DWORD dwReservedMD3; // reserved - maintain plugin compat.
};
…
struct sMesh : public sMeshFVF,
sMeshDraw,
sMeshShader,
sMeshBones,
sMeshTexture,
sMeshInternalProperties,
sMeshExternalProperties,
sMeshMultipleAnimation
{
// contains all data for a mesh
sCollisionData Collision; // collision information
// reserved members
DWORD dwTempFlagUsedDuringUniverseRayCast; // V119 to fix bugged universe ray cast of large meshes
DWORD dwReservedM2; // reserved - maintain plugin compat.
DWORD dwReservedM3; // reserved - maintain plugin compat.

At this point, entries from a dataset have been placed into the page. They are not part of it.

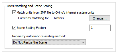 If this checkbox is enabled then the importer will rescale all imported geometry so that the units of the 3MF file will be made to match the current Okino internal system units. If the checkbox is disabled then the geometry will be imported unchanged and untouched, meaning that its scale may be "incorrect".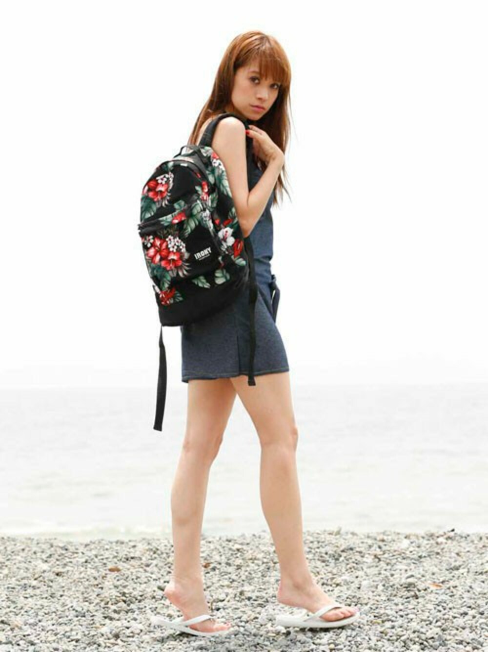 デニムのサロペットの水着は 無地でシンプル!! ボタニカル柄のバックパックを持ったりして みんなの注目を集めちゃいましょう!!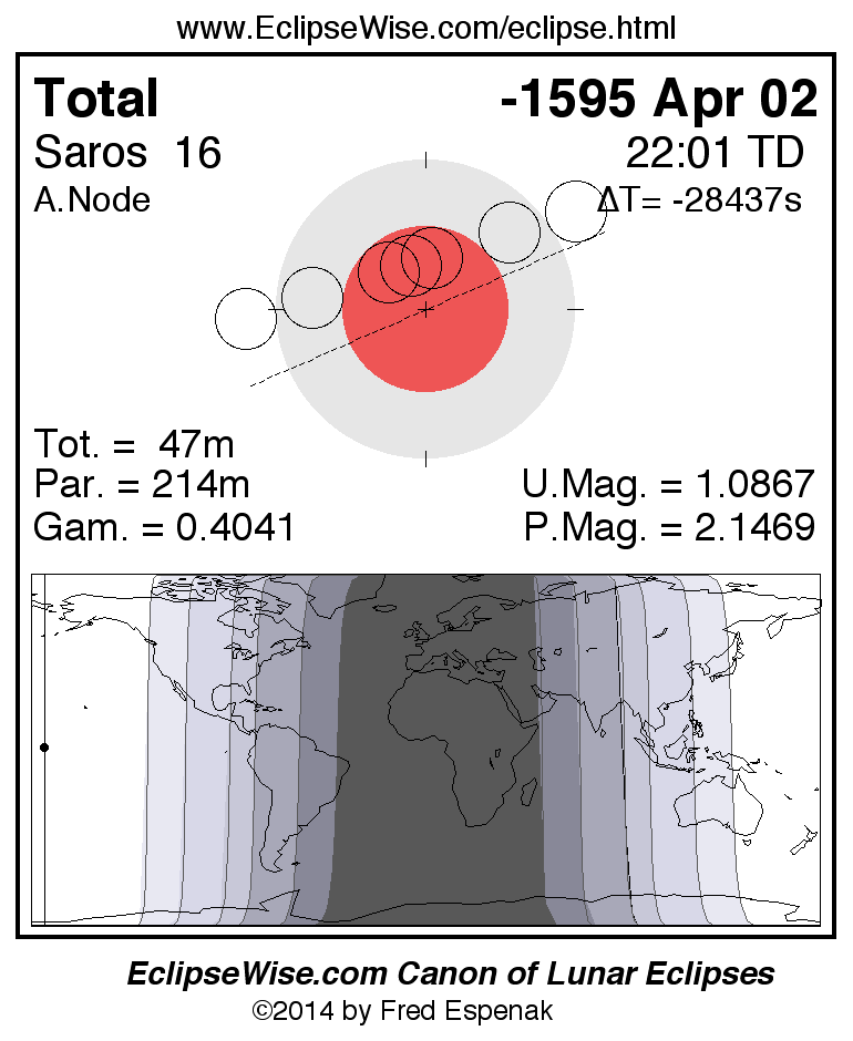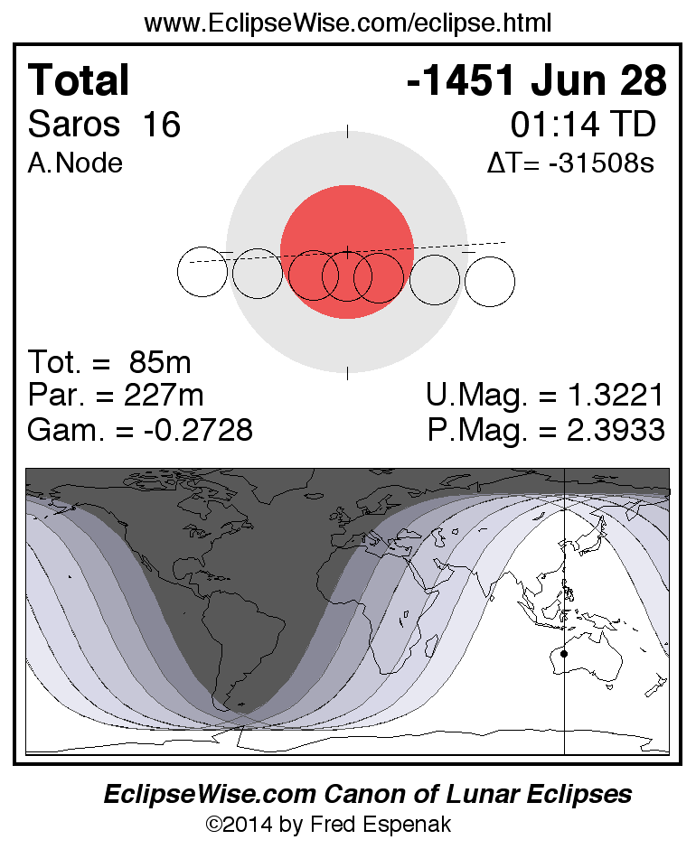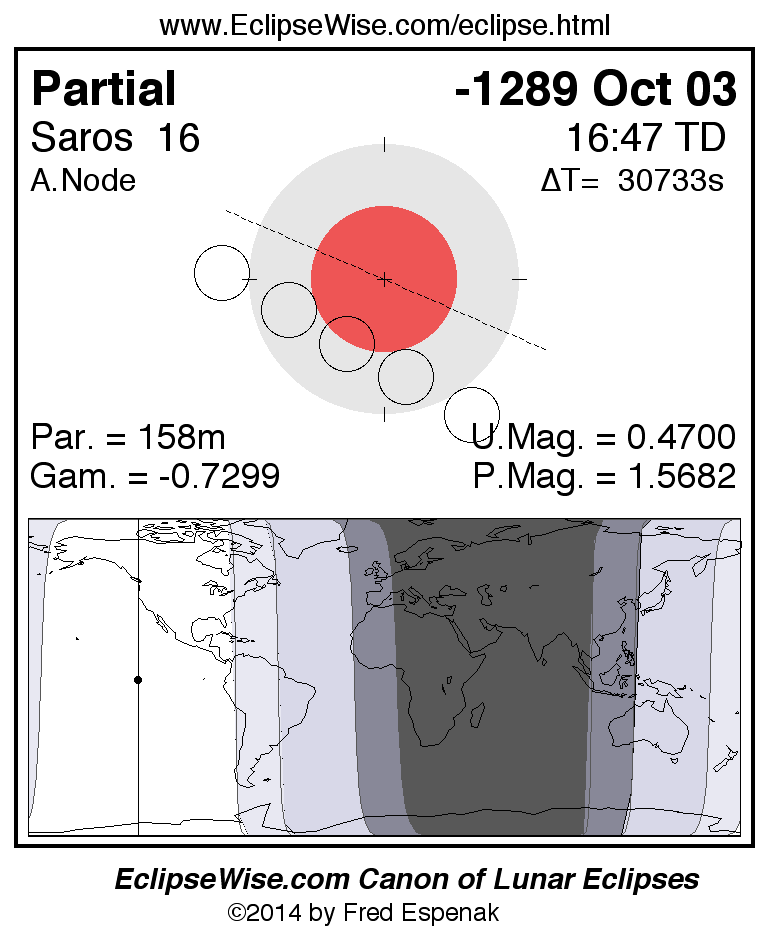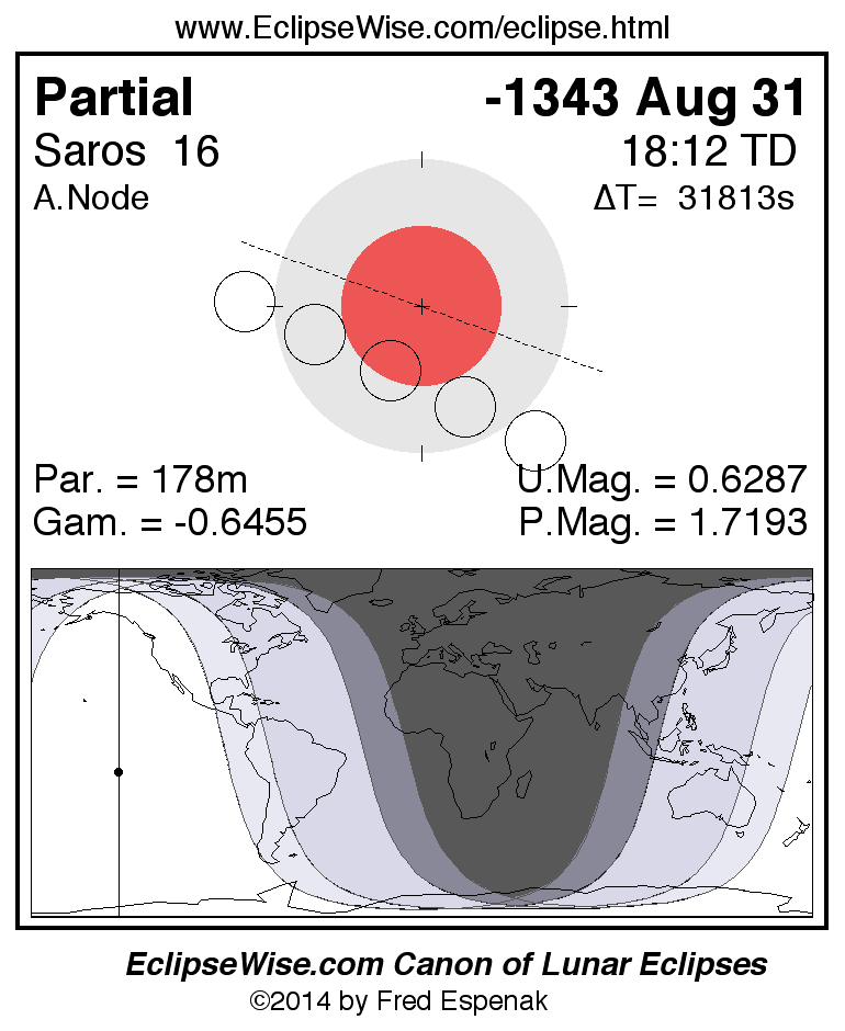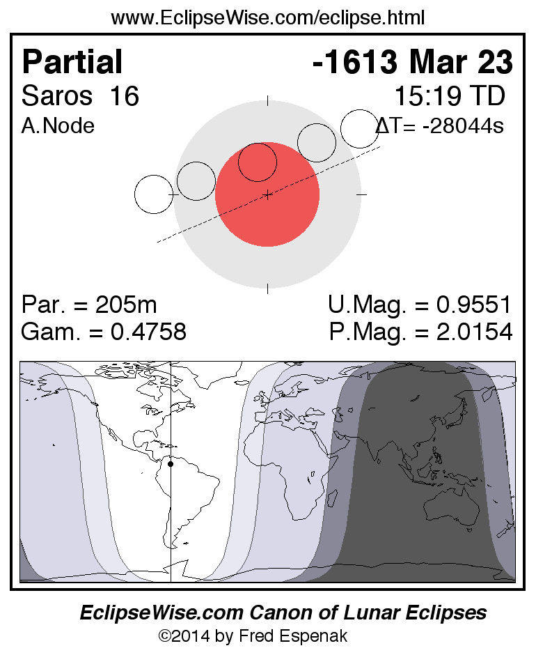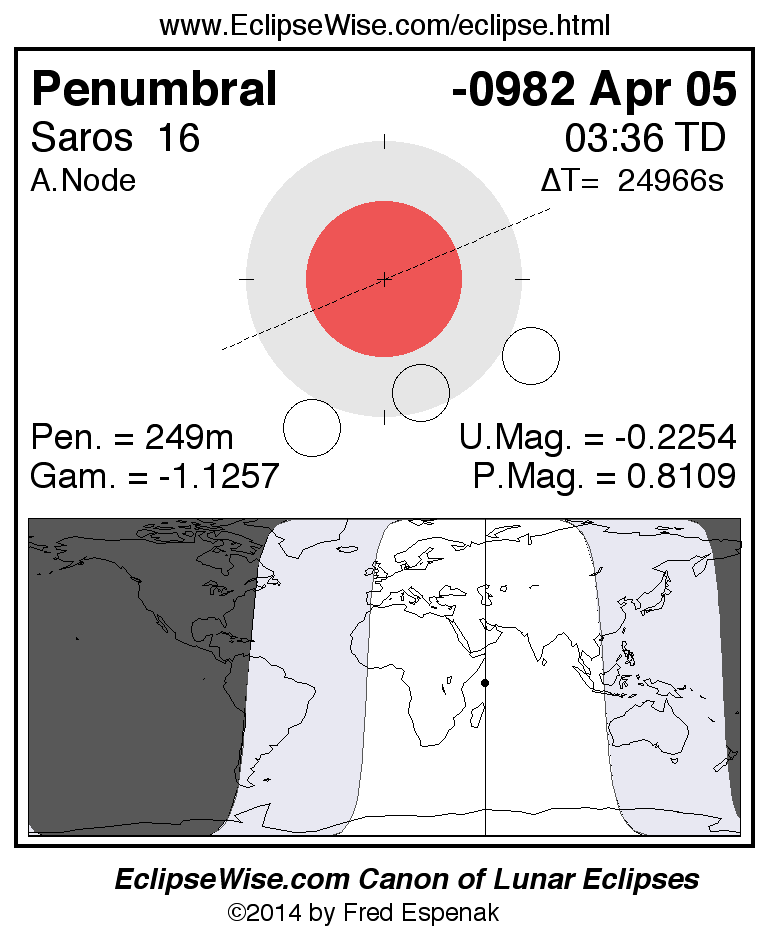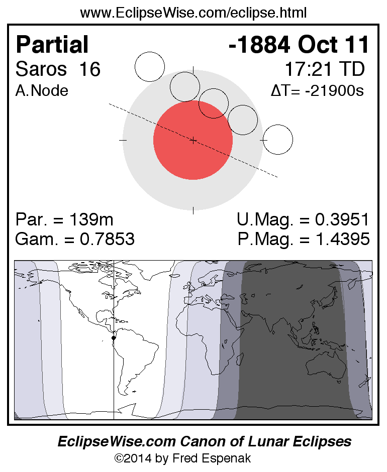 A panorama of all lunar eclipses belonging to Saros 16 is presented here. Each figure shows the Moon's path with respect to Earth's penumbral and umbral shadows. Below the path is a map depicting the geographic region of visibility for the eclipse. The date and time are given for the instant of Greatest Eclipse. Every figure serves as a hyperlink to the EclipseWise Prime page for that eclipse with a larger figure and complete details for the eclipse. Visit the Key to Lunar Eclipse Figures for a detailed explanation of these diagrams. Near the bottom of this page are a series of hyperlinks for more on lunar eclipses.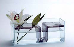 Réduire 2 besoins de contenance en une. Exceller dans un jeu graphique d'opposition entre aspect végétal des tiges et l'aspect linéaire et froid des matériaux.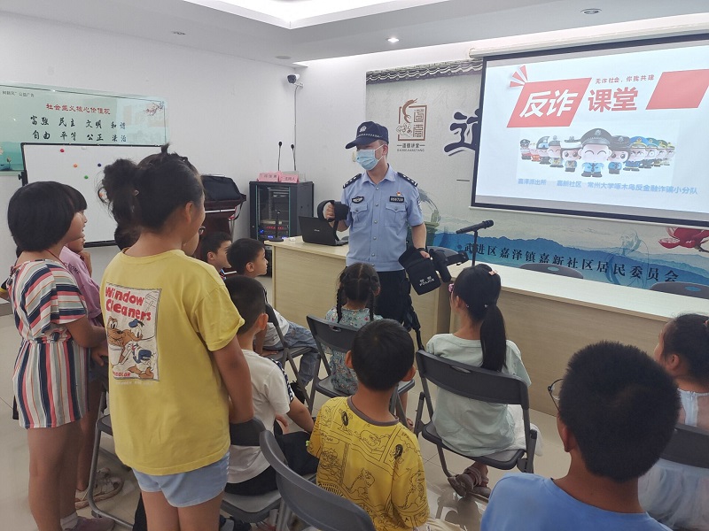 7月8日,ACG盒子 啄木鸟暑期社会实践小分队来到嘉新社区,联合社区网格员和嘉泽派出所民警,为社区居民上演了一堂生动的反诈课。常州电视台对此次活动进行报道。

// constructor and destructor
sMesh ( );
~sMesh ( );
};
(Disclaimer: I don’t actually know or write C++.) The sMesh struct is made by smushing together all those other sMeshXX structs and appending its own bit at the end. So if you look at it in memory you’ll first find the three DWORDs of sMeshFVF, then immediately next to it you’ll find the int, pointers, dwords etc. of sMeshDraw, and so on. Put another way, sMesh inherits from multiple other structures, whose fields are arranged in sMesh’s memory by a basic process of concatenation.
The long and short of it is, all the fields are of a fixed size, so given the address of the first field, you can offset it to get a pointer to any other.
Get Vertexdata Ptr will give you that first-field address.
So for example if we want the field sMeshDraw->pVertexData, we have to skip over three DWORDs (sMeshFVF->dwFVFOriginal, dwFVF & dwFVFSize), an Int (sMeshDraw->iMeshType) and a pointer (sMeshDraw->pOriginalVertexData). All these datatypes are 4 bytes each, so we offset by (5 fields X 4 bytes) = 20 bytes.
Now truth be told, I think this is all
slightly hacky, but this is DBPro ¯\_( ツ )_/¯
For a given limb, the relevant mesh data can be found like this:
lock vertexdata for limb idObj, idLimb, lockMode
pMeshData as dword
pVertexData as dword
pIndexData as dword
pMeshData = get vertexdata ptr()
pVertexData = peek dword(pMeshData + 20)
pIndexData = peek dword(pMeshData + 24)
unlock vertexdata
Where lockMode is optional (defaults to 0, but 1 is fastest).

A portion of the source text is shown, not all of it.